[[ RECORDS TO PROCESS open ]]

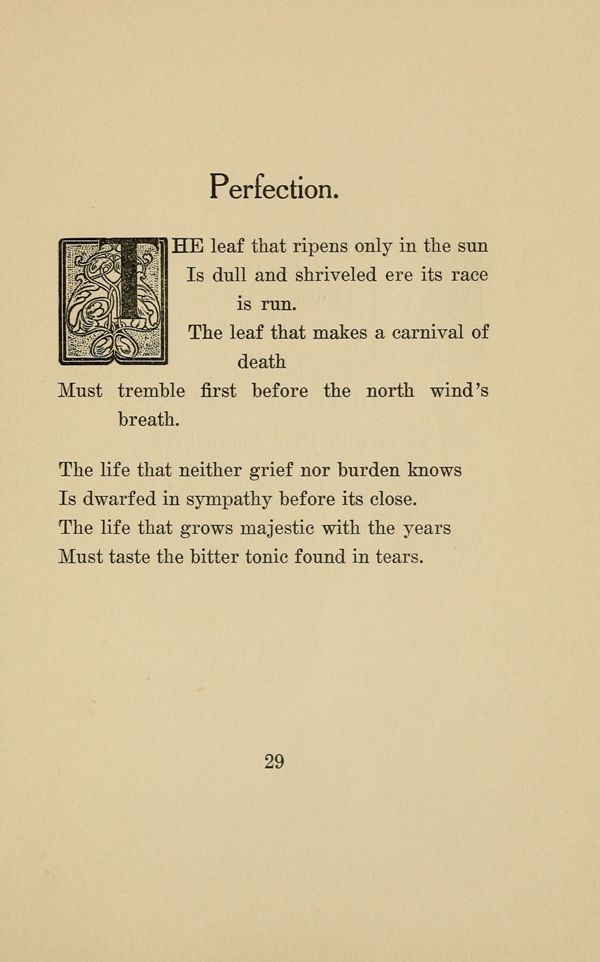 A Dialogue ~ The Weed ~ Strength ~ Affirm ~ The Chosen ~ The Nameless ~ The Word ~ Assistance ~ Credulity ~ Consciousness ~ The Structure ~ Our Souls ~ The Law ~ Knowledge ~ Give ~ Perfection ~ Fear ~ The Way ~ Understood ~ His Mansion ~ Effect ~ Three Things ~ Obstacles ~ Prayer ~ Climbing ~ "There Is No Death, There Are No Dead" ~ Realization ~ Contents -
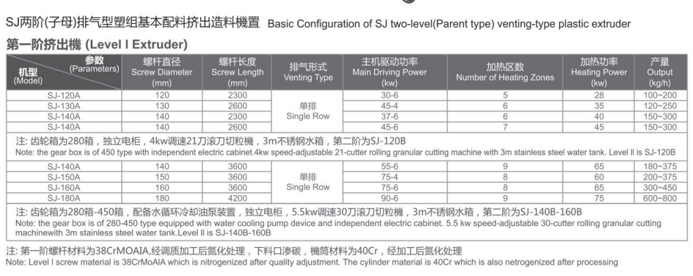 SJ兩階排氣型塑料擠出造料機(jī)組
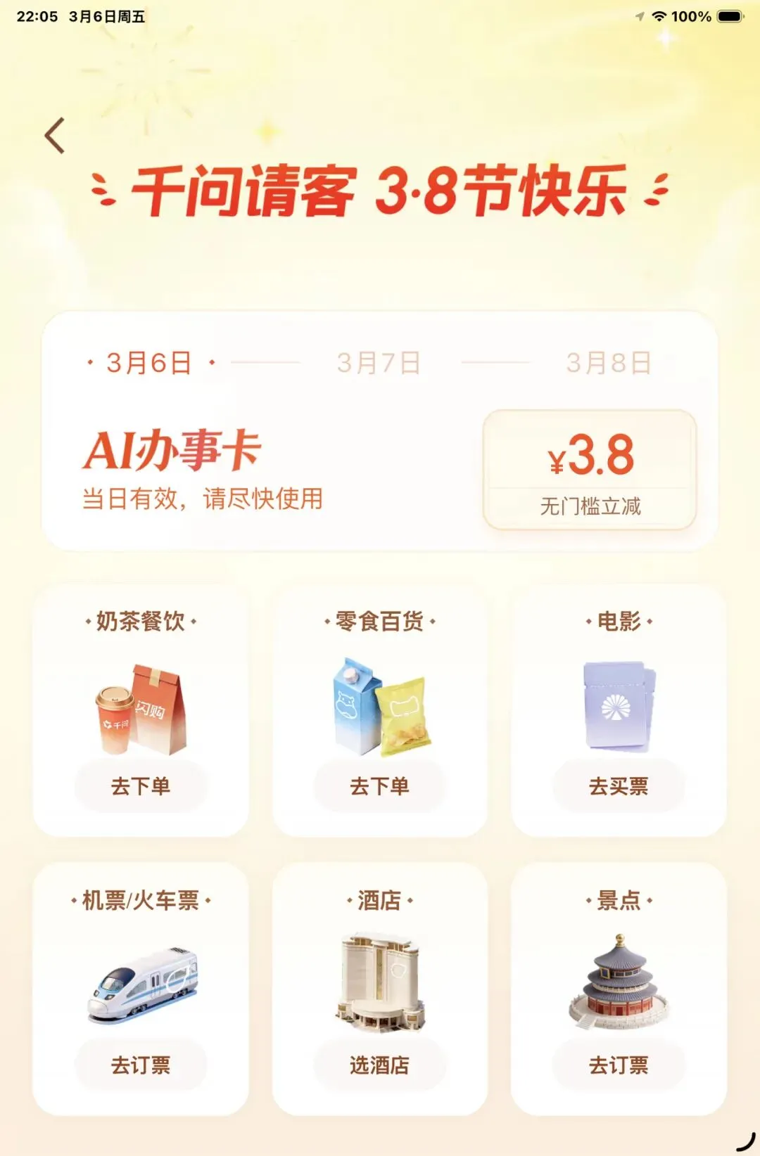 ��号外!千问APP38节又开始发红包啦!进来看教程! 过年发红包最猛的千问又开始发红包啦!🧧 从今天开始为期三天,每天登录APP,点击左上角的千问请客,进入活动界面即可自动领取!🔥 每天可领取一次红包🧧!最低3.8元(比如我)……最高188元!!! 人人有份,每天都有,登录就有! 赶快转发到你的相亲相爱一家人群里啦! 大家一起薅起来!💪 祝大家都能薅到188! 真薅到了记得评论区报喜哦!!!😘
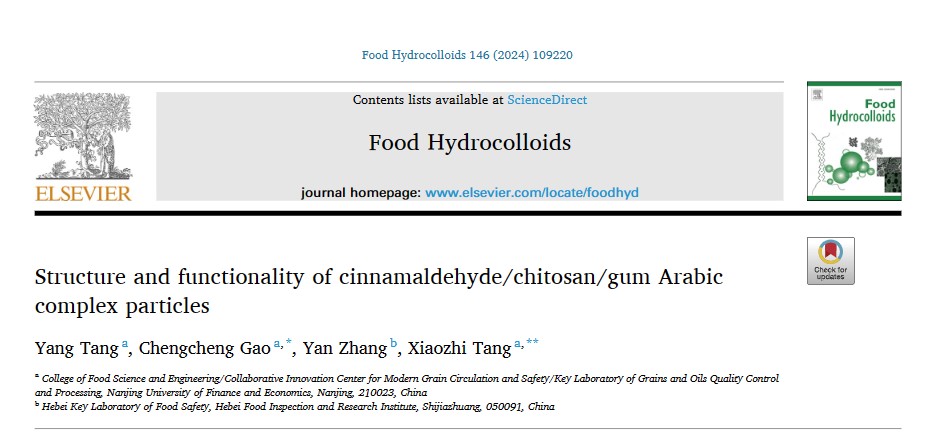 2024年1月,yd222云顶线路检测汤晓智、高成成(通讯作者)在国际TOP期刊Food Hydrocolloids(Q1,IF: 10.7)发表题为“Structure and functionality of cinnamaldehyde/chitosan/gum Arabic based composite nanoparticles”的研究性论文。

[[ RECORDS TO PROCESS closed ]]
[[ RECORDS TO PROCESS open ]]

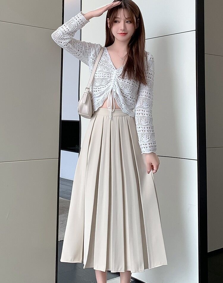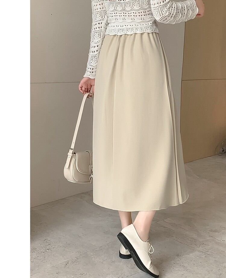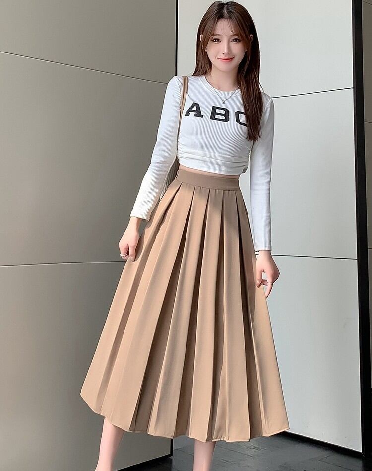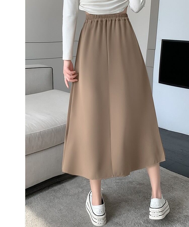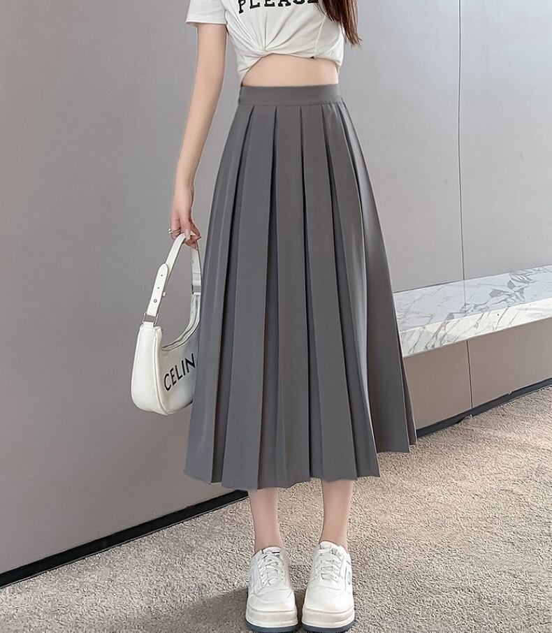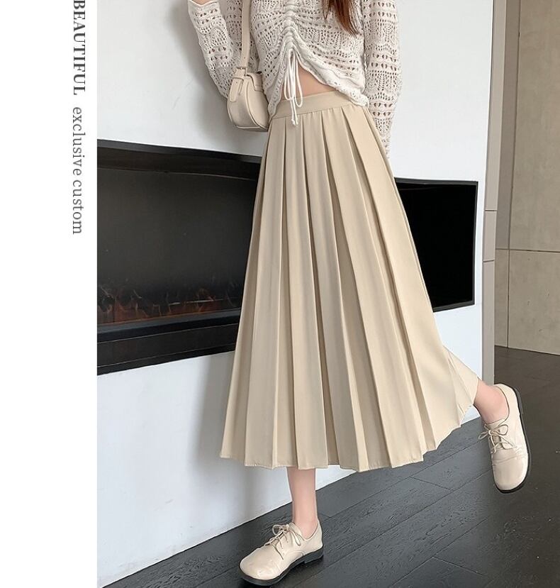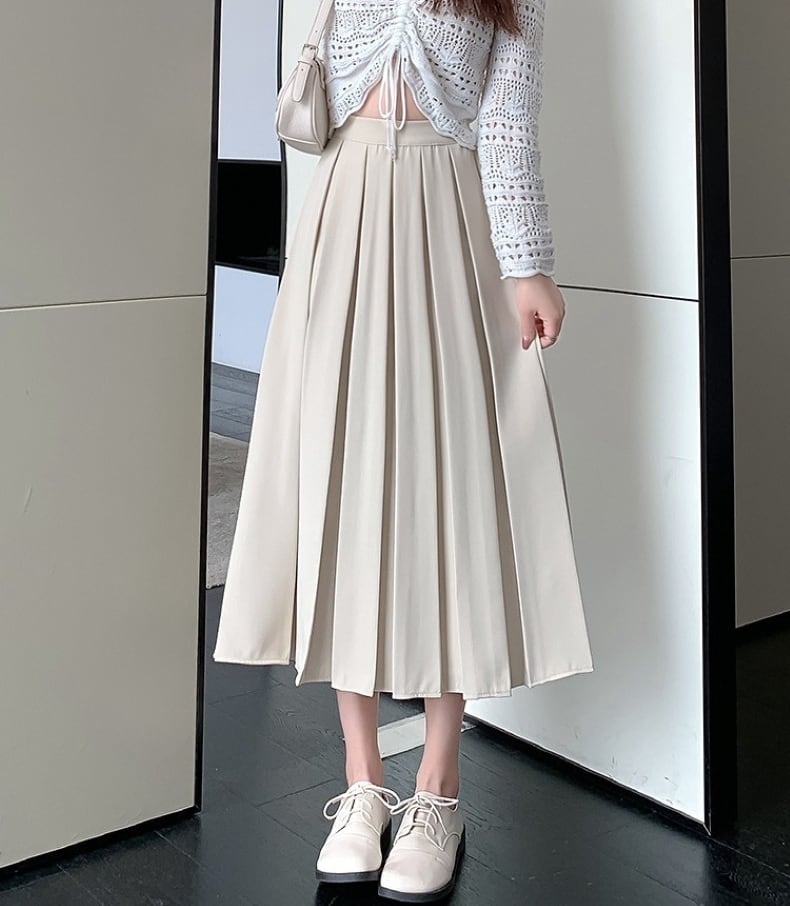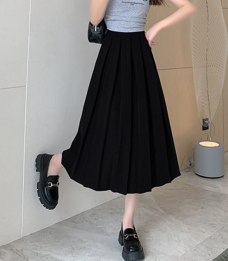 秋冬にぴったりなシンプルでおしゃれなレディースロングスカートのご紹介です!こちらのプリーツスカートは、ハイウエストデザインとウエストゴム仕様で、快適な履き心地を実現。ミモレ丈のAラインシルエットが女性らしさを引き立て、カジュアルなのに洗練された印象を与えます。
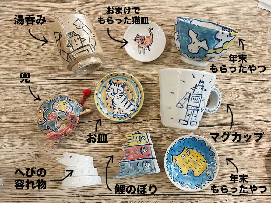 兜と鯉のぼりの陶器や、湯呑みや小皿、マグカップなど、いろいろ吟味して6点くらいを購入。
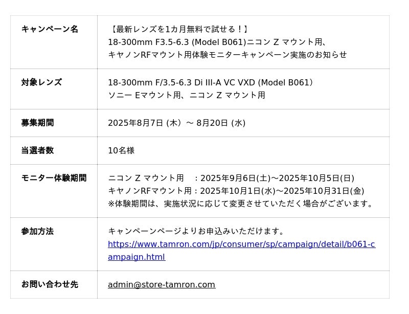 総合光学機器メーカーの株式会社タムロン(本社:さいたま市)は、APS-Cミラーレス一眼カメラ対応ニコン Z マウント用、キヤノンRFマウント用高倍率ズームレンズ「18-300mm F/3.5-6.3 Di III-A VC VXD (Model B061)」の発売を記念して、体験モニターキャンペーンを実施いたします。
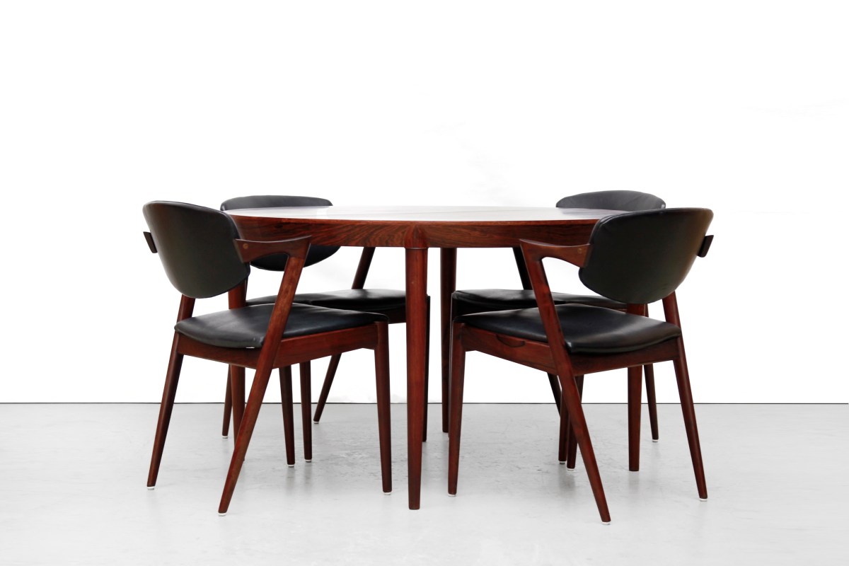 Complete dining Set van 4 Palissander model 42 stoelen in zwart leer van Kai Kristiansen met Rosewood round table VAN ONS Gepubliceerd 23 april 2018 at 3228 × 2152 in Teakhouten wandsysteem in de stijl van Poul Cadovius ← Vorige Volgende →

[[ RECORDS TO PROCESS closed ]]

# TASK STATEMENT
Copy word for word the lines of the records above from the one with "VXD (Model B061)」の発売を記念して、体験モニターキャンペーンを実施いたします。" up to and including the one with "Complete dining Set". Skip the pictures.

# THE ANSWER
 総合光学機器メーカーの株式会社タムロン(本社:さいたま市)は、APS-Cミラーレス一眼カメラ対応ニコン Z マウント用、キヤノンRFマウント用高倍率ズームレンズ「18-300mm F/3.5-6.3 Di III-A VC VXD (Model B061)」の発売を記念して、体験モニターキャンペーンを実施いたします。
 Complete dining Set van 4 Palissander model 42 stoelen in zwart leer van Kai Kristiansen met Rosewood round table VAN ONS Gepubliceerd 23 april 2018 at 3228 × 2152 in Teakhouten wandsysteem in de stijl van Poul Cadovius ← Vorige Volgende →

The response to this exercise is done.